### Description of the task
When you reach the line containing "28日(周三),一名阿富汗男子在游泳池上進(jìn)行跳水,享受陽光。" in the records below, set it down exactly, together with every later line through the end, but not the pictures.

****

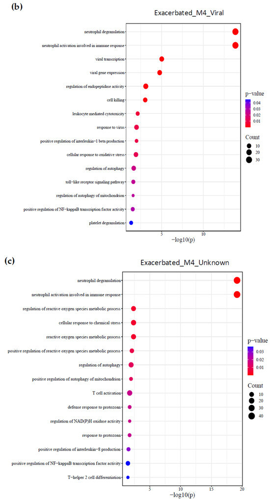 In viral exacerbation samples (Exacerbated_M4_Viral), 107 biological processes were significantly activated. Among them, biological processes related to viral infection [viral transcription, viral gene expression, response to virus, and the regulation of endopeptidase activity], pro-inflammatory response [the positive regulation of NF-kappaB transcription factor activity, the positive regulation of interleukin-1 beta production, and platelet degranulation], innate and adaptive cytotoxic responses [cell killing and leukocyte-mediated cytotoxicity], and mitochondrial damage [the regulation of mitochondrial autophagy, the regulation of autophagy, and cellular response to oxidative stress] (Figure 3b).
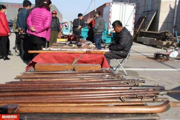 3/10现在人们生活条件好了,之前随意丢弃的很多老物件,又开始怀旧,他们便选择在市场上淘一件,作为装饰品。图为曾经重要的度量工具杆秤,一根价格卖到二三百元,如果遇到黄花梨一类木头,则价值过万。
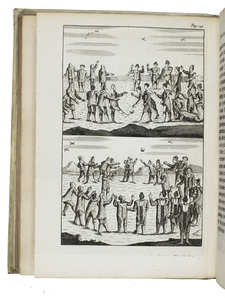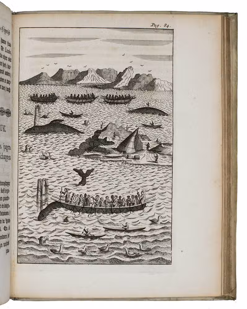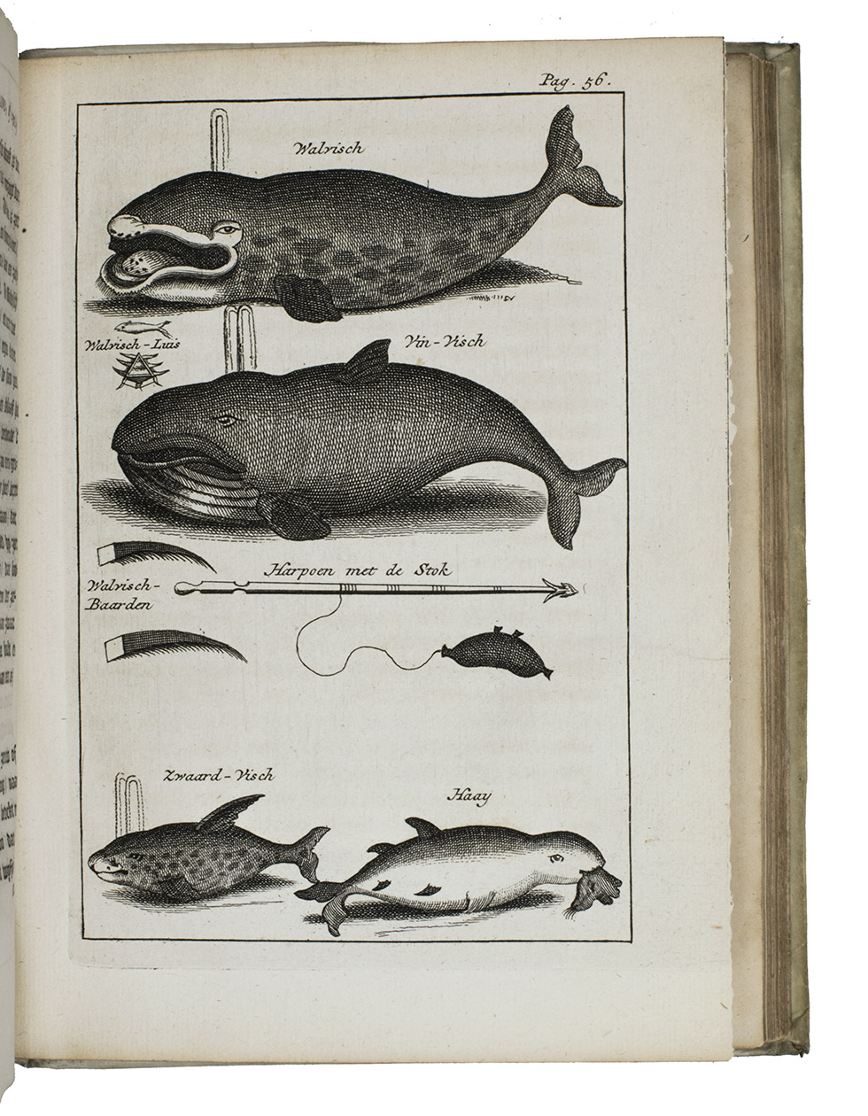 Delft, Reinier Boitet, 1746. 4to. With an engraved folding map of Greenland (printed for this edition by Boitet) and 10 engraved plates with full-page views of whales and seals, whale fishery and seal hunting, the Inuits and their cultural habits and houses and (in the first plate) flowers. With the title-page printed in red and black and with some woodcut initials and tailpieces. Contemporary vellum, manuscript title on spine. [24], 192 pp.
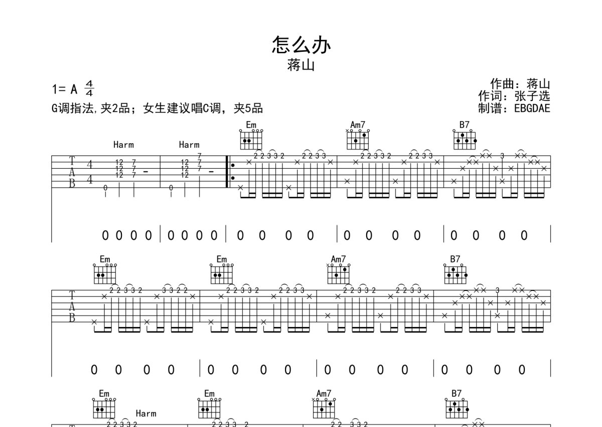 蒋山《怎么办》吉他谱 - G调弹唱六线谱
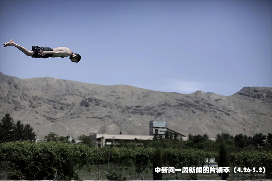 28日(周三),一名阿富汗男子在游泳池上進(jìn)行跳水,享受陽光。
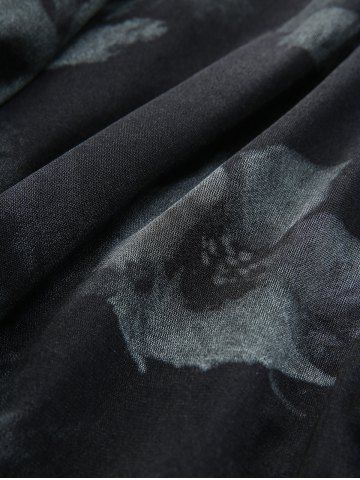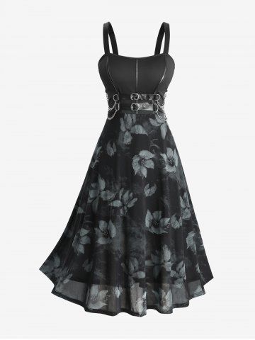 Plus Size Flowers Print Grommets Buckle Chains Tank Dress - Black - 5x | Us 30-32

****

### Reply
 28日(周三),一名阿富汗男子在游泳池上進(jìn)行跳水,享受陽光。
 Plus Size Flowers Print Grommets Buckle Chains Tank Dress - Black - 5x | Us 30-32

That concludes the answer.